What Is Mankind as a Species?
by Bruce Fein
Bruce Fein is a constitutional lawyer and civil libertarian who served as an associate deputy attorney general under President Ronald Reagan (1981-82). He drafted an article of impeachment against President Obama, which appeared in EIR, March 23, 2012. The following is the transcript of his speech to the Jan. 26 Schiller Institute conference in New York City.
Thank you for attending this important session. As Henry V said before Agincourt: "We few, we happy few, we band of brothers."
Now our task, I think, is more challenging than the one that confronted Henry V, but before we get into the details, I want to warn the audience that all of the effusions that hosts make toward speakers are not made under oath. So, you need to put that calculation in.
The issue that we have, it seems to me, to address first, is what is mankind?

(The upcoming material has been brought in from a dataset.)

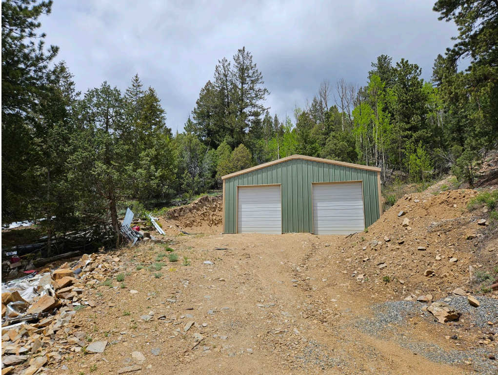
View of the new building from the south looking north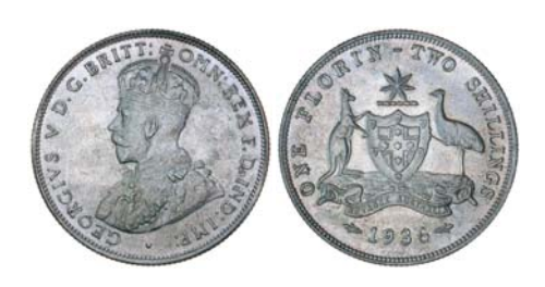
1552* George V, 1936. Uncirculated.

What distinguishes the human species from other animal species? And of course, the issue is obvious for anyone who has devoted even 10 seconds to watching Snooki or Honey Boo Boo, because that is at the Cro-Magnon stage of Darwinian reverse evolution, or something of that sort.
My definition of mankind, that distinguishes the species from any other, is the thrill of the search for truth, without ulterior motives. And I repeat that: It's the search for truth without ulterior motives. And truth here is not like searching for Newton's laws of motion, but truth in determining what, between ashes to ashes, and dust to dust, is virtue? What makes life worth living? What gives it dignity? What we could call tolerance, acknowledgement, and honoring due process, restraining our ambition to dominate others, to satisfy our appetites, as opposed to living an adult existence, where virtue and knowledge and restraint are the summum bonum of life. Not wealth, sex, money, domination, and power—creature comforts.
So that, in my sense, is the critical question that confronts mankind. It's have we forfeited a characterization of being men and women, as opposed to a subhuman species that craves the thrills of killing other members of the species or animals, that devotes most of their time to envying those like Lady Gaga, or Mike Tyson, and other wretches that are icons in the popular culture?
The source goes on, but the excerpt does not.